Movie Review: Love, Sex Aur Dhokha

Love, Sex Aur Dhokha is a ground-breaking, course redefining, soon-to-be-cult, and eventually historic movie. Right up there, in the league of Dil Chahta Hai.

I say that, because of two reasons – One, that this movie has been made in a manner which is fundamentally different from any movie that you’ve ever seen before.

Dibakar ‘Lucky Khosla’ Banerjee has done away with the very lights-camera-action set up that we know movies by. Instead, he has made it look as if he was filming on third party camera footage – from an overenthusiastic noob movie maker’s hand held camera, from CCTV in a departmental store, and from a sting journalist’s hidden cameras. In this new medium, the screen goes grainy, the camera points at random angles and shows distorted images and sounds at times. These minor irritants are a part of the movie by design. And once you get over them, the director takes over and takes you into his stories. Where people look like you and me and speak our very own lingo without any beep. And you realize that the things which happen to them actually happen to real people in the complex times we live in.

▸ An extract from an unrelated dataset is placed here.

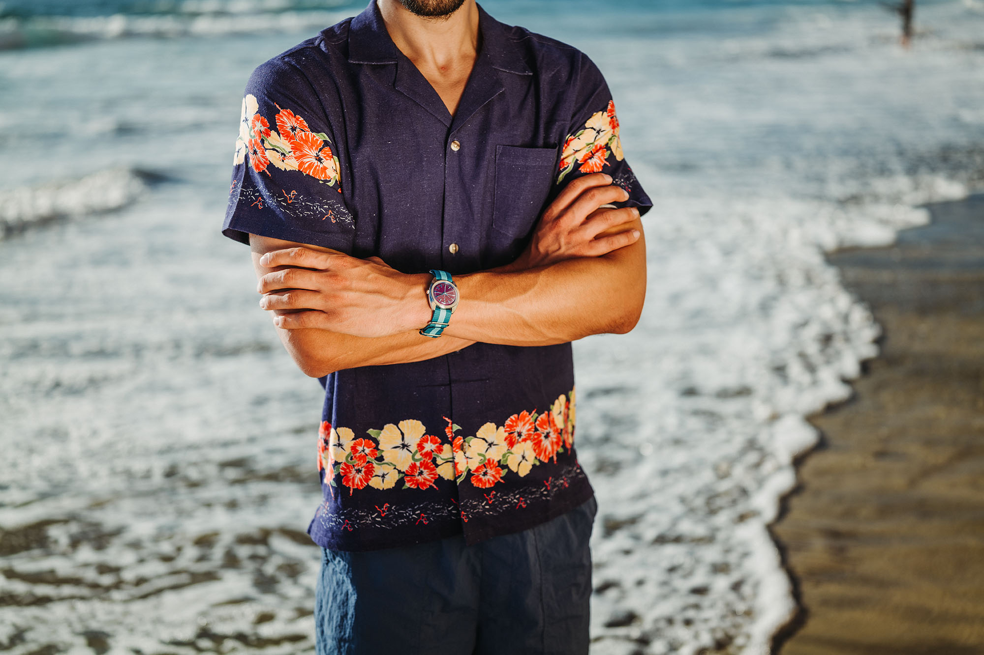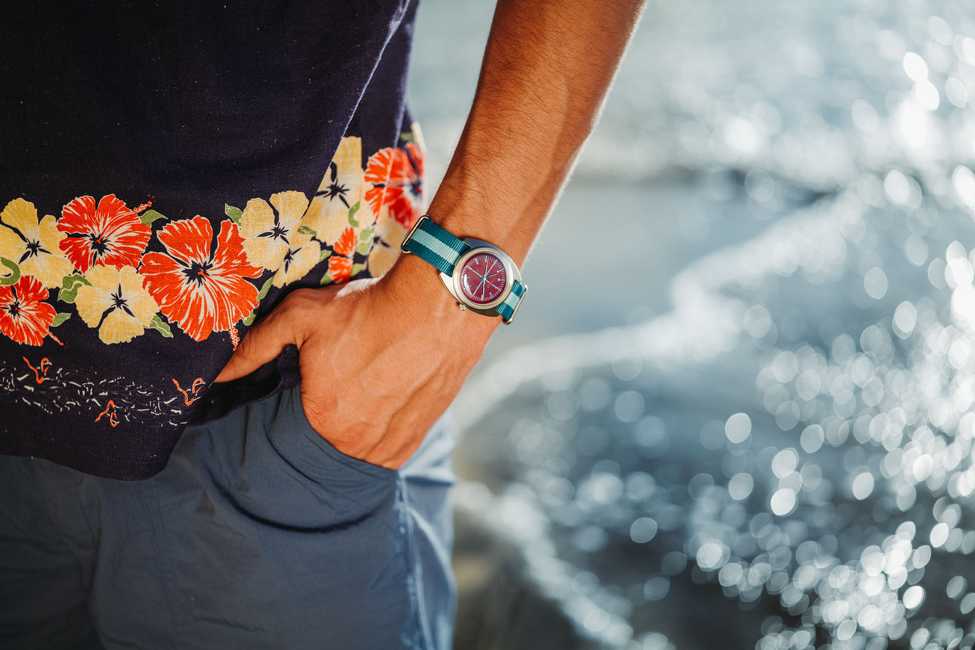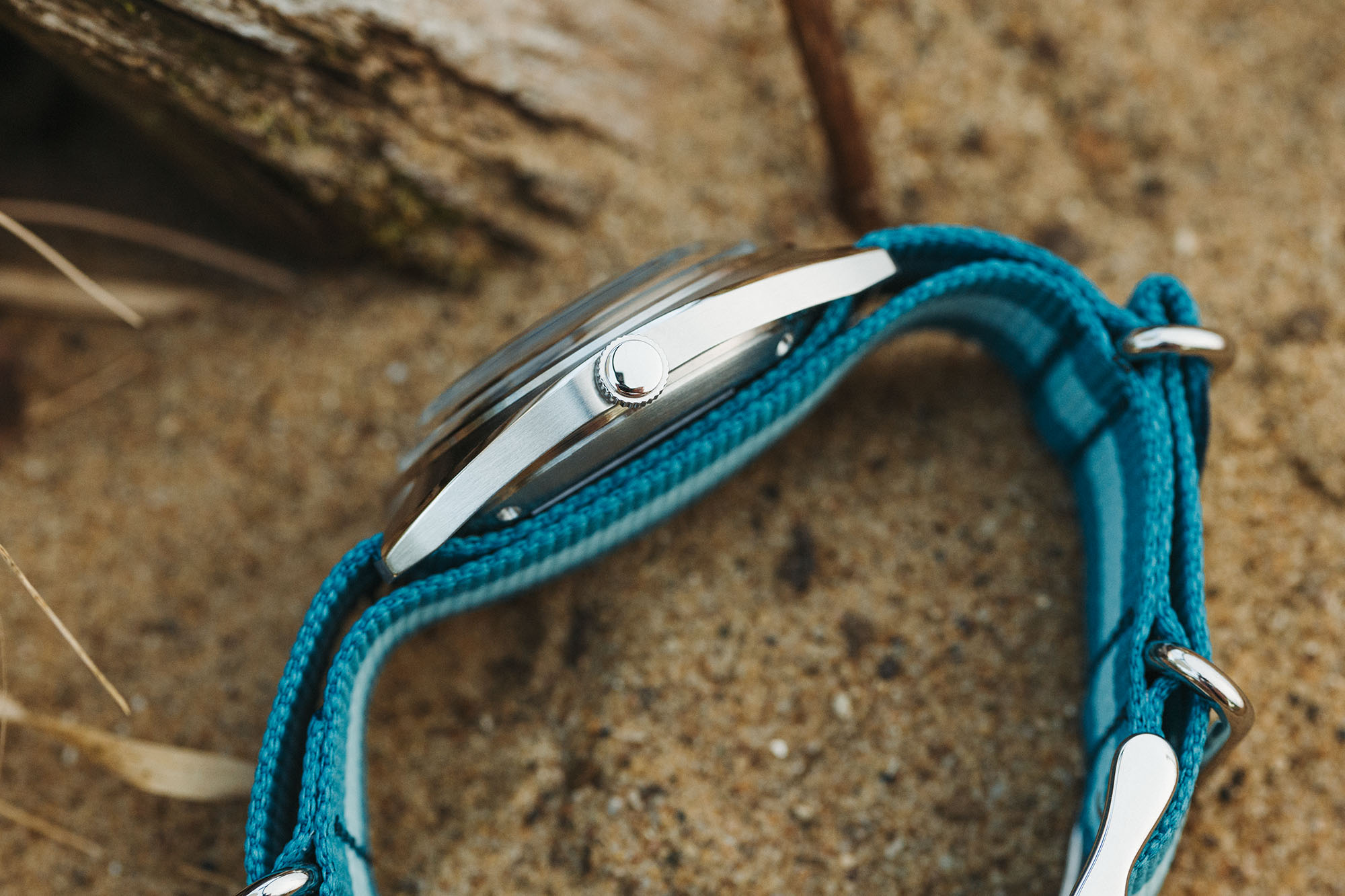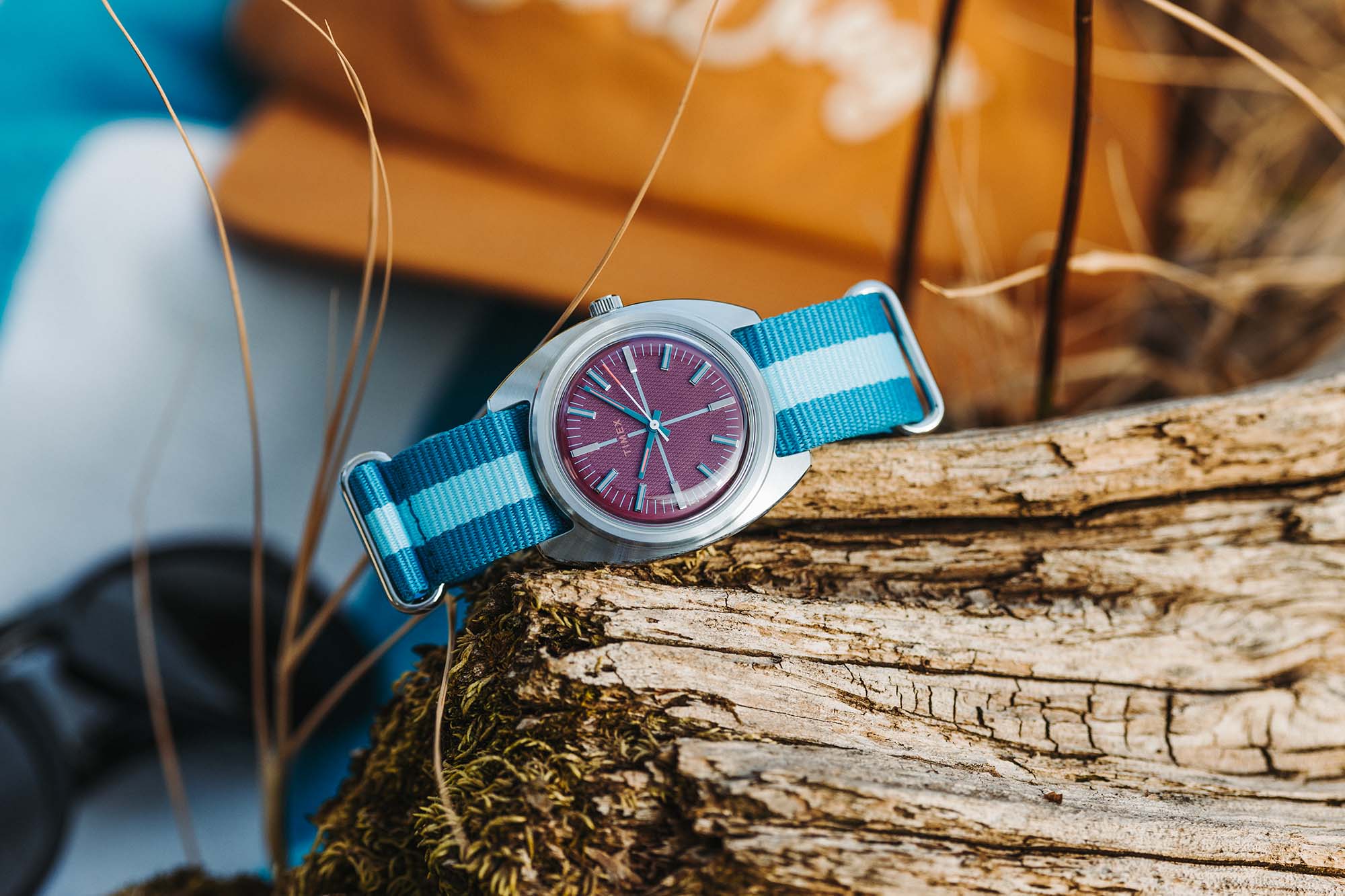 Sunflower combines sandy yellow tones with rusty orange and dark teal to evoke the late summer blooming flower. Combined with a grass green mil-strap, the desaturated tones are both natural and stylish. Sunset evokes the deep magentas seen as the sun descends across the horizon. A deep magenta dial is offset by brighter blues and flecks of pink. A striped blue and teal nylon mil-strap adds contrast an a slightly sporty attitude.

This reality and novelty of the medium adds a further punch to the sharpness of the characters Dibakar has meticulously defined. They’re so real they hit you hard, and are destined to stay with you for a long time. Shruti is hot. Not the Katrina Kaif hot, but the-classmate-you-always-had-a-crush-on hot. Rahul is the chutiya from your colony who somehow got the hottest chick. Rashmi is the poor talented girl whose widowed mother couldn’t get her the best education. These aren’t geniuses or demi-Gods, they are ordinary people. And ordinary people look great on ordinary cameras.

Second reason why this movie is going to be a cult movie is that, it is going to be a huge hit. If the success of Reality TV Shows from MTV Roadies to Splitsvilla to Rakhee ka Swayamvar is anything to go by, the audiences across India are going to lap this movie up. Success will make its idea carry farther and longer.

The possibilities after this are endless. The fact that this 1.5 crore movie is going to earn its producer, the Ekta ‘Saas Bahu formula’ Kapoor, big money is enough for many more film makers to follow in this category. The boldness of this experiment might encourage others to take other daring chances. But what I’m looking for is something even beyond. This movie could do to movie making what blogging did to journalism – democratize it. Now that people have liked a movie shot on cheap cameras, newbie and amateur film makers might start making more movies from hand held cameras like the ones used in LSD. Movies created thus could be distributed over the internet. And in this way, amateur movie makers might start challenging the established movie makers the way bloggers are challenging established journos, thereby raising the abysmal state of the art in our country.

Rating: ****

PS: Those looking for ‘high art’ amidst all this brouhaha over reality, if the mere daring of the filmmaker does not satisfy you, I’d say that the metaphor of shooting a movie with spy cameras whose Tagline is ‘You’re being watched’ is the boldest metaphor I’ve ever come across in any movie.